◆ **Given entries**
########################################
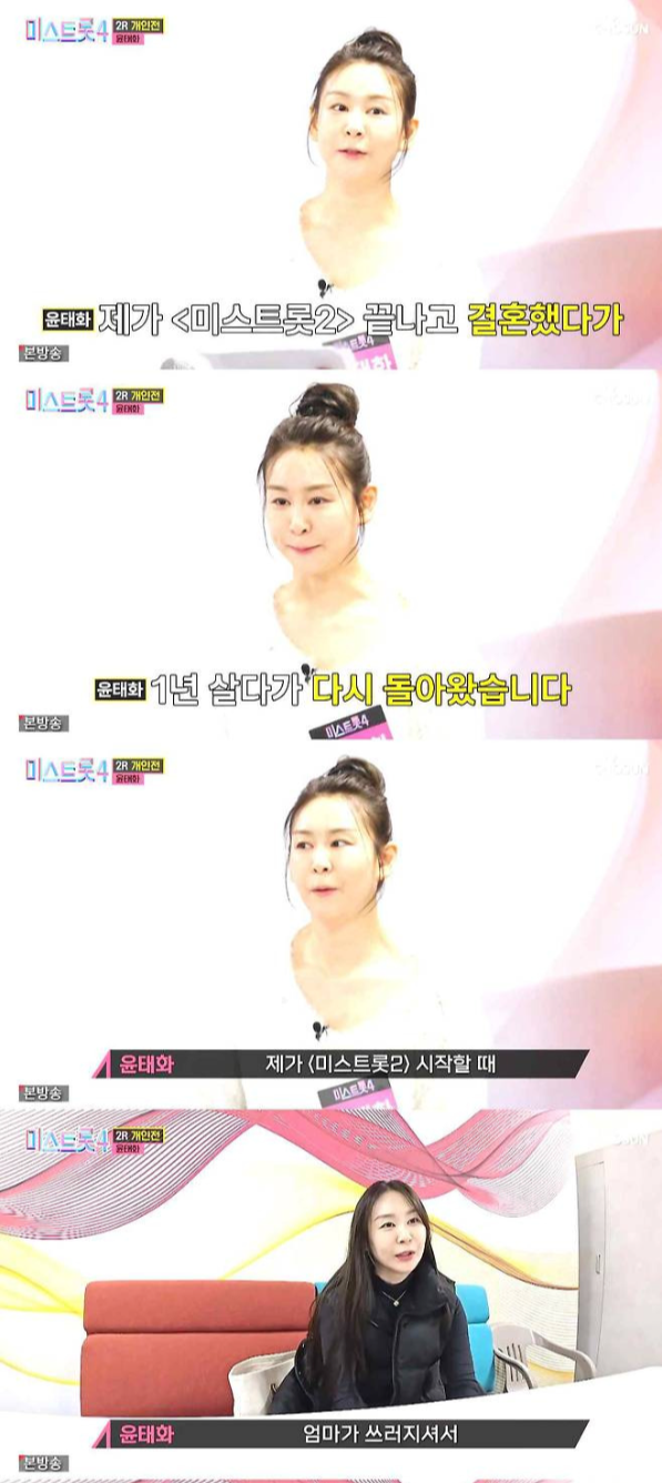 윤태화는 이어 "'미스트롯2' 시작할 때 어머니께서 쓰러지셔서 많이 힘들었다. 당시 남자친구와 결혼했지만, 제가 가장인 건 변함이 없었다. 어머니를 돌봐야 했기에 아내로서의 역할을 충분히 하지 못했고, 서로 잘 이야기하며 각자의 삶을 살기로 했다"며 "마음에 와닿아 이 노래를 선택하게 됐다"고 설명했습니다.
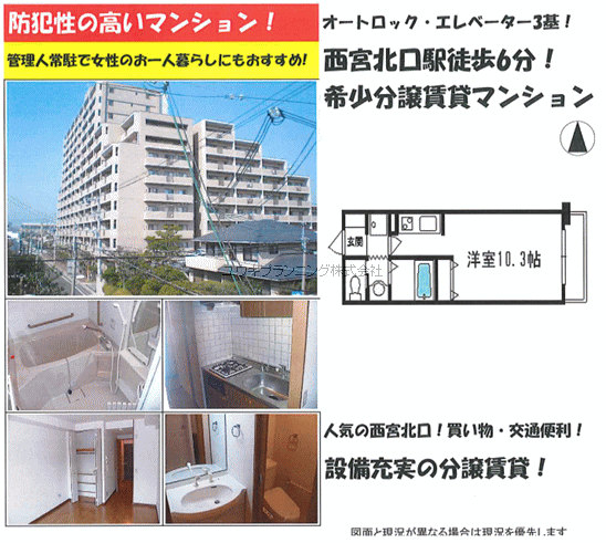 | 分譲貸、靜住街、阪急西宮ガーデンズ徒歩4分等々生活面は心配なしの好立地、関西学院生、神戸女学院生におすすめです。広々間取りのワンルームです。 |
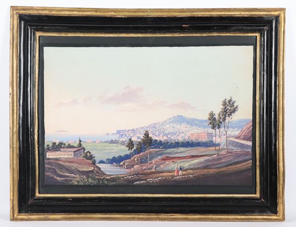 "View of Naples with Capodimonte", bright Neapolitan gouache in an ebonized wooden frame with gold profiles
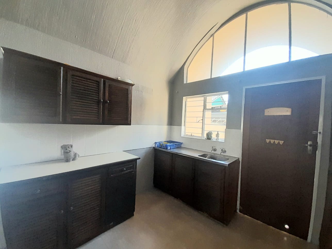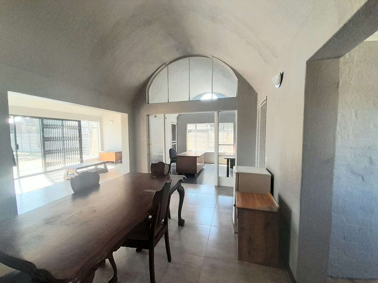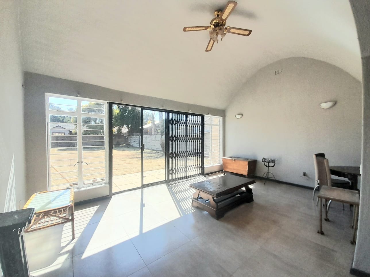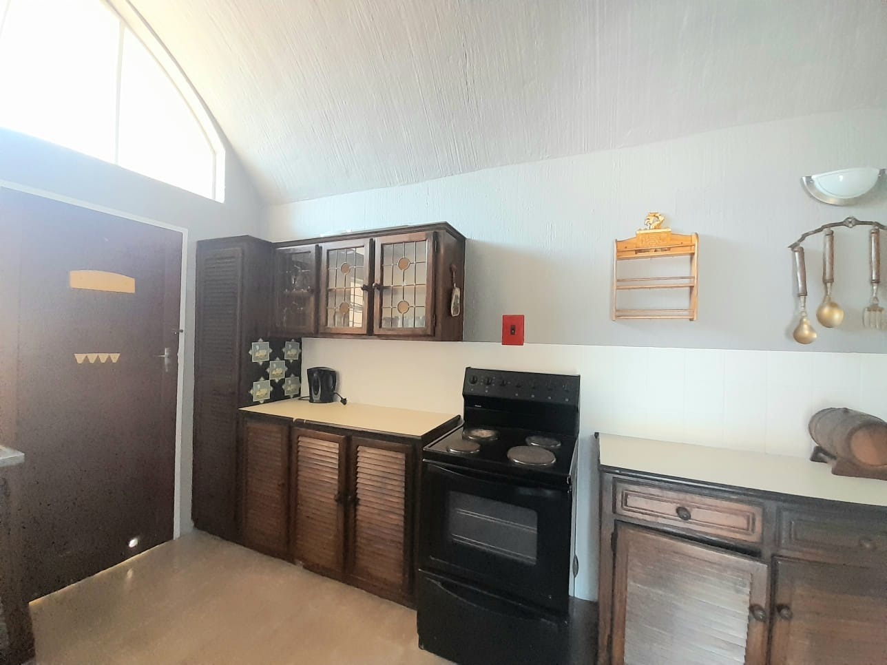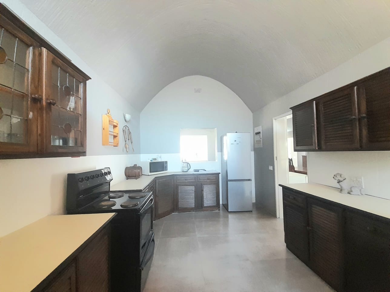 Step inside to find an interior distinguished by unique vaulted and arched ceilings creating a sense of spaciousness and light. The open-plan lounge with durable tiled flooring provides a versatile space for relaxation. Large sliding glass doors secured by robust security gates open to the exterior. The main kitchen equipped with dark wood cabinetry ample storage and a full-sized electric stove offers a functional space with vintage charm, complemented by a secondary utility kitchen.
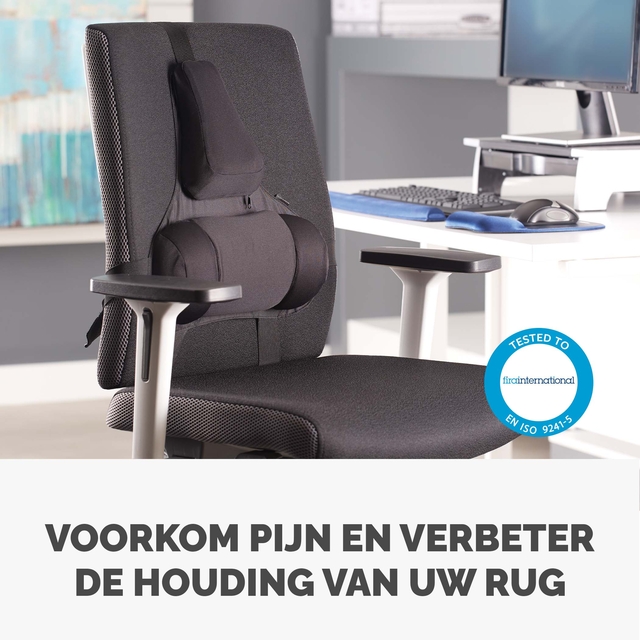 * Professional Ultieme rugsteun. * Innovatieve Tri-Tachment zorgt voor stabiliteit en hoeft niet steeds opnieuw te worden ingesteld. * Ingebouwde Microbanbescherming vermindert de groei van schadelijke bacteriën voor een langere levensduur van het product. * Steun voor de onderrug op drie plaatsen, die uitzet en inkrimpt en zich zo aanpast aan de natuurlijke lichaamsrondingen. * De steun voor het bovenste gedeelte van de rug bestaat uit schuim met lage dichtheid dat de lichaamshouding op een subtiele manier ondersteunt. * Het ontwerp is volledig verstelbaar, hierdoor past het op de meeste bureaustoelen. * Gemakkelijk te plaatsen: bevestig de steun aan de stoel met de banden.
########################################
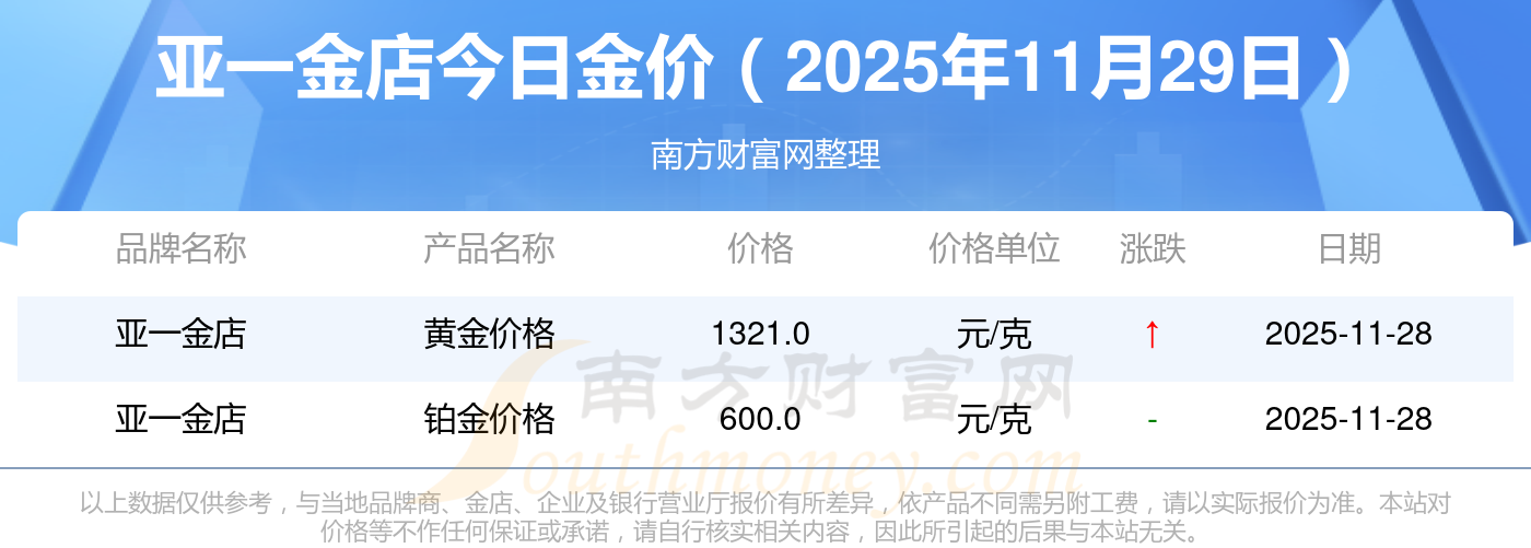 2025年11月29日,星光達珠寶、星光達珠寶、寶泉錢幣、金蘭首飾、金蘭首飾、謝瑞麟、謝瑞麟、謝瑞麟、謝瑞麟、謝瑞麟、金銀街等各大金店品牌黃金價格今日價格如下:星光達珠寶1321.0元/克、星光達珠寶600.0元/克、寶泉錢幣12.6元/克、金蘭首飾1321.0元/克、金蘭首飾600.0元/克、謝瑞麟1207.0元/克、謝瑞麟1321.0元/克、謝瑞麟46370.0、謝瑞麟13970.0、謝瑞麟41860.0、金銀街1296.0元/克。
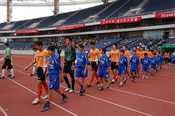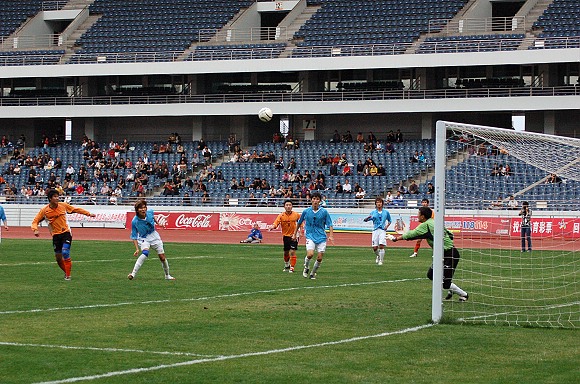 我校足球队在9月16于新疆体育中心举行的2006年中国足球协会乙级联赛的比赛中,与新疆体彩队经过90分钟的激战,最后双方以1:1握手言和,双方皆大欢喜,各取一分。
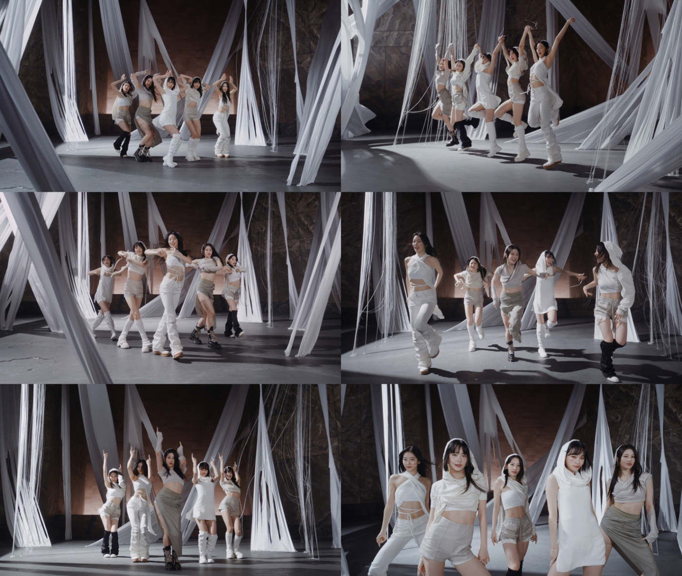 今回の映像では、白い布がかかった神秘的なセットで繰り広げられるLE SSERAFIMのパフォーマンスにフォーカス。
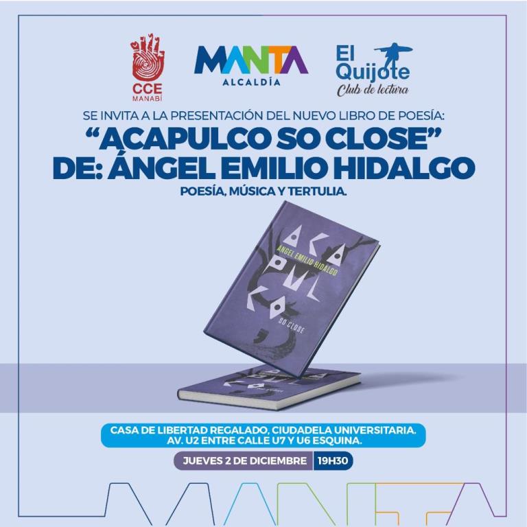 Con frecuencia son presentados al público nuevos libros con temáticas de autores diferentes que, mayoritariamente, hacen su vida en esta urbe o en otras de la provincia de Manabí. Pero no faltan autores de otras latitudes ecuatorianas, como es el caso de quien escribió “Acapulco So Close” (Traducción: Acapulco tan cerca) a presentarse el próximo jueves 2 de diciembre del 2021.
########################################
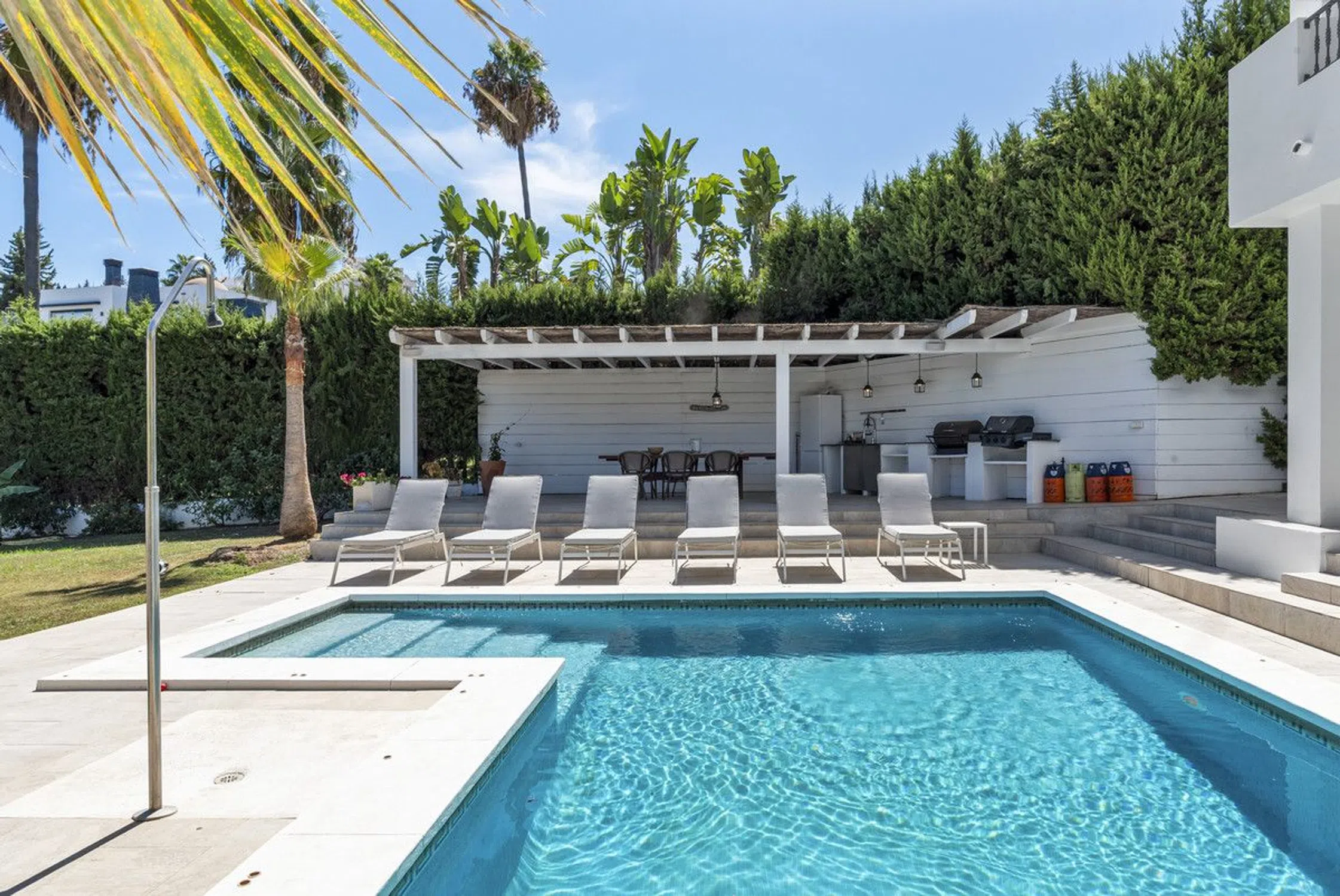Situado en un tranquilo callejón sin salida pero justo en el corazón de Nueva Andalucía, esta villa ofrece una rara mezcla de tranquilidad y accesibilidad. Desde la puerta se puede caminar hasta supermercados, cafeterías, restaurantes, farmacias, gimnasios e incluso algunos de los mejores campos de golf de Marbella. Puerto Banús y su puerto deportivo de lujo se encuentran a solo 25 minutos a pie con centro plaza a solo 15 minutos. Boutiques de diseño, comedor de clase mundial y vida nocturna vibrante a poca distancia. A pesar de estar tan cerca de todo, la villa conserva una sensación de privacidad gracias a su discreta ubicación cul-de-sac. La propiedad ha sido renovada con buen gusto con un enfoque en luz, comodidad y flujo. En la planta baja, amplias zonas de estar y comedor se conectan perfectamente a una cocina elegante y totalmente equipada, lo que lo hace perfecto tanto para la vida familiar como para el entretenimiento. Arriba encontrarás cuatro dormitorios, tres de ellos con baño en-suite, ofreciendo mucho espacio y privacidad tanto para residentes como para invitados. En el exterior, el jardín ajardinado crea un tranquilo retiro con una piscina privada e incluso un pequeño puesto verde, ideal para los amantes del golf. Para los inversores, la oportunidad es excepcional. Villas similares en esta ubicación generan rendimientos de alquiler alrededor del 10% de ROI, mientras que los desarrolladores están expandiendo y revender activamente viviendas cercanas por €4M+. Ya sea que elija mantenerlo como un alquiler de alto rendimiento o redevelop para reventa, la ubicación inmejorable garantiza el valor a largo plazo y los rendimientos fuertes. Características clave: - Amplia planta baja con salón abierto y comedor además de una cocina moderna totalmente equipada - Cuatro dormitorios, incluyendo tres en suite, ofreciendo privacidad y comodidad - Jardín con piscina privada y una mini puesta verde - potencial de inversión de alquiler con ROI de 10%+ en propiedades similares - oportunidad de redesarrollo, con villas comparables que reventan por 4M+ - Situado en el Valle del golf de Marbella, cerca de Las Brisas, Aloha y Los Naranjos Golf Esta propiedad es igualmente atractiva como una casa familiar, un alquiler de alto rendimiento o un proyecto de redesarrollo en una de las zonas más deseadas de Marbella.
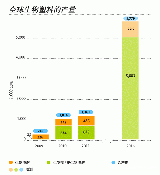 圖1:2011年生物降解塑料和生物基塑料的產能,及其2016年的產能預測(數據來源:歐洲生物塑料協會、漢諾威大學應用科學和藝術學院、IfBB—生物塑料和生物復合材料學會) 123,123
########################################
Above are records; write out the lines from the one with "시작할 때 어머니께서" down to the one with "met de banden.", exactly, leaving the pictures out.

◆ **Result for this task**
 윤태화는 이어 "'미스트롯2' 시작할 때 어머니께서 쓰러지셔서 많이 힘들었다. 당시 남자친구와 결혼했지만, 제가 가장인 건 변함이 없었다. 어머니를 돌봐야 했기에 아내로서의 역할을 충분히 하지 못했고, 서로 잘 이야기하며 각자의 삶을 살기로 했다"며 "마음에 와닿아 이 노래를 선택하게 됐다"고 설명했습니다.
 | 分譲貸、靜住街、阪急西宮ガーデンズ徒歩4分等々生活面は心配なしの好立地、関西学院生、神戸女学院生におすすめです。広々間取りのワンルームです。 |
 "View of Naples with Capodimonte", bright Neapolitan gouache in an ebonized wooden frame with gold profiles
 Step inside to find an interior distinguished by unique vaulted and arched ceilings creating a sense of spaciousness and light. The open-plan lounge with durable tiled flooring provides a versatile space for relaxation. Large sliding glass doors secured by robust security gates open to the exterior. The main kitchen equipped with dark wood cabinetry ample storage and a full-sized electric stove offers a functional space with vintage charm, complemented by a secondary utility kitchen.
 * Professional Ultieme rugsteun. * Innovatieve Tri-Tachment zorgt voor stabiliteit en hoeft niet steeds opnieuw te worden ingesteld. * Ingebouwde Microbanbescherming vermindert de groei van schadelijke bacteriën voor een langere levensduur van het product. * Steun voor de onderrug op drie plaatsen, die uitzet en inkrimpt en zich zo aanpast aan de natuurlijke lichaamsrondingen. * De steun voor het bovenste gedeelte van de rug bestaat uit schuim met lage dichtheid dat de lichaamshouding op een subtiele manier ondersteunt. * Het ontwerp is volledig verstelbaar, hierdoor past het op de meeste bureaustoelen. * Gemakkelijk te plaatsen: bevestig de steun aan de stoel met de banden.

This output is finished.